CS 478 Machine Learning
Proposal Format and Project Suggestions


1 Page Project Proposal Due: Tuesday, March 28
Final Project Report Due: Friday, May 5

General Information and Resources

The items below are just suggestions. Please feel free to propose your own idea for a final project. I encourage you to submit the proposal well before the March 28 deadline if you already know what you want to work on. I'll give you feedback within a day or so of submitting the proposal. If you need help in choosing a project, consider coming to office hours to go over some options. The only real restriction is that the project involve doing some research in machine learning rather than a writing a survey or discussion paper.

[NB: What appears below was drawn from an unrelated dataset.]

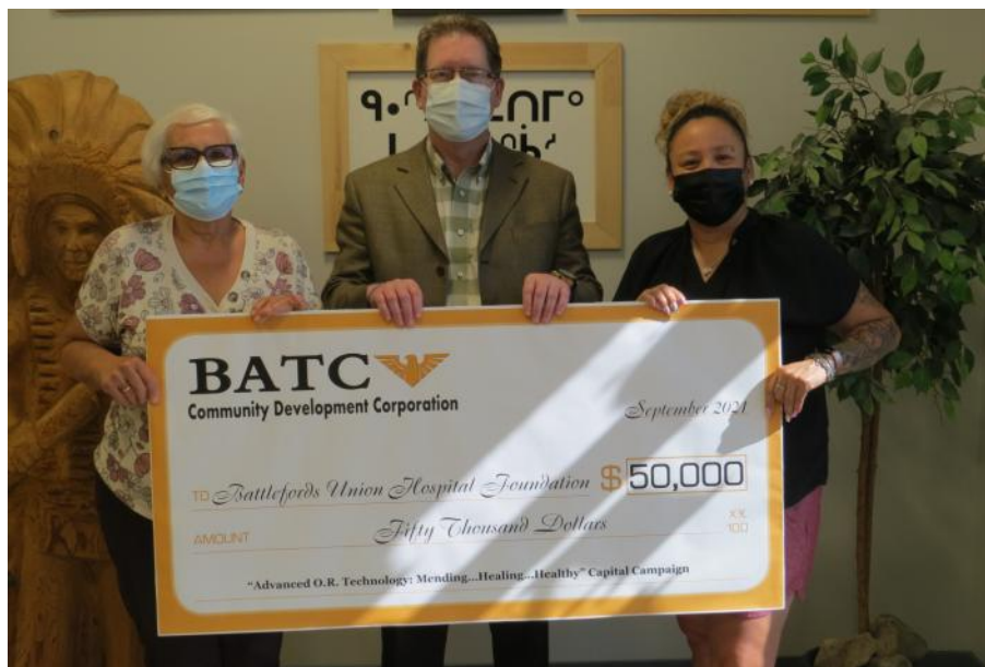
Battlefords Union Hospital Foundation - OR Capital Campaign

For the projects, you can use any machine learning systems available - you don't have to write all/any of the code yourself. Your paper should make clear what code you wrote yourself, borrowed, extended, etc.

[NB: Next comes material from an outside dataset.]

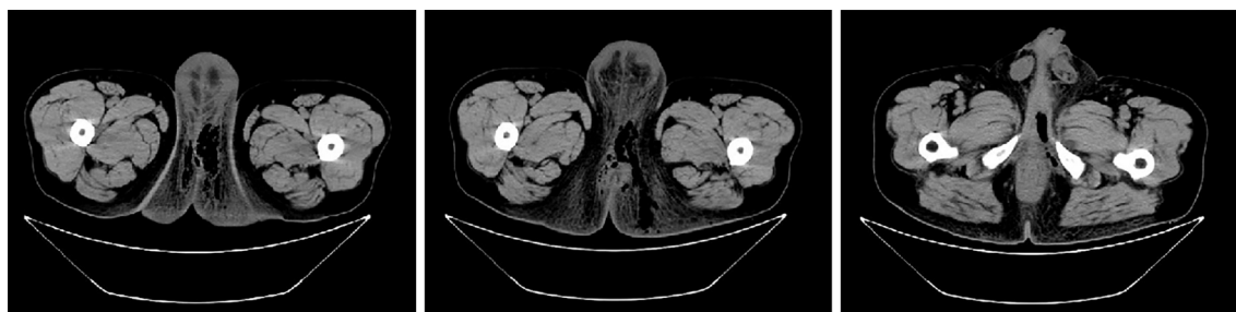
Figure 2 A lower abdominal and pelvic computed tomography scan on admission.

Check the course web site for pointers to existing ML code and data sets.

Proposal Format

The project proposal should be at most one page in length. It should describe:

  • the problem that you'll investigate
  • the techniques that you'll explore to solve the problem
  • the method for evaluating the work (e.g. what data sets will you use? what baselines will you use for comparison?)

    Project Ideas

    1. Construct a data set for a novel problem of interest to you and experiment with it using several of the available learning systems. Consider improvements to some system motivated by results on one of these datasets.
    2. Implement and compare various methods for dealing with noisy data in ID3 such as the chi-square statistic, reduced-error pruning, minimum description length.
    3. Implement one or more of the algorithms discussed in class (e.g. standard Bayesian probability approach to classification, instance-based nearest-neighbor learning, some type of neural network). Compare to ID3 or each other on multiple data sets.
    4. Implement and extend a learning algorithm discussed in class. Evaluate on one or more data sets.
    5. Experiment with various multiple model (voting) methods such as bagging or boosting applied to different learning methods.
    6. Implement and test recent "cotraining" methods. Cotraining uses unsupervised data with supervised data in order to perform supervised classification with minumum amount of supervision. It does this by exploiting information in unclassified data.
    7. Implement or build ID5, an incremental version of ID3. Experiment on different data sets or make (and evaluate) some extensions.
    8. Develop or experiment with methods for learning Bayesian networks.
    9. Experiment with or enhance any of the available propositional rule-learning systems (e.g. extend the language, deal with noise, missing data etc.).
    10. Experiment with an efficient rule learning system called RIPPER, especially suited for problems with large number of features like text categorization.
    11. Implement and experiment with a version of the Winnow system, a perceptron-like system with provably faster convergence for domains with lots of irrelevant features.
    12. Develop and experiment with various active-learning methods which actively select examples to use for training in order to learn more from fewer examples.
    13. Implement and test a version of the CN2 system for learning decision lists (a variant of DNF).
    14. Code for the inductive logic programming systems GOLEM and FOIL should be available on the web. Find the papers that describe them, download the code, and compare the system to each other.
    15. Experiment with partial matching or probabilistic interpretations of inductively learned rules and compare to a purely logical interpretation.
    16. Add the ability to dynamically shift the bias of an existing system and experiment. Such a system would start with a strong bias (e.g. conjunctive concepts only) and then if this doesn't work shift to a more weakly biased language.
    17. Read about PAC analysis and apply it to an interesting concept language.
    18. Implement, enhance, and/or experiment with some neural-network learning algorithms.
    19. Data is available here at Cornell for a number of natural language learning problems: part of speech tagging, parsing, information extraction, noun phrase coreference, named entity identification.
    20. Implement COBWEB, a conceptual clustering system.
    21. Enhance COBWEB to handle numerical data and do some interesting experimentation.
    22. Change COBWEB to deal with noise as described by Fisher in IJCAI-89.
    23. Implement, experiment with, and/or extend the AUTOCLASS Bayesian system for clustering.
    24. Implement a small version of a scientific discovery system such as BACON, GLAUBER, STAHL, or DALTON.
    25. Get the distributed versions of the PRODIGY or SOAR systems (available by FTP from CMU) and experiment with them.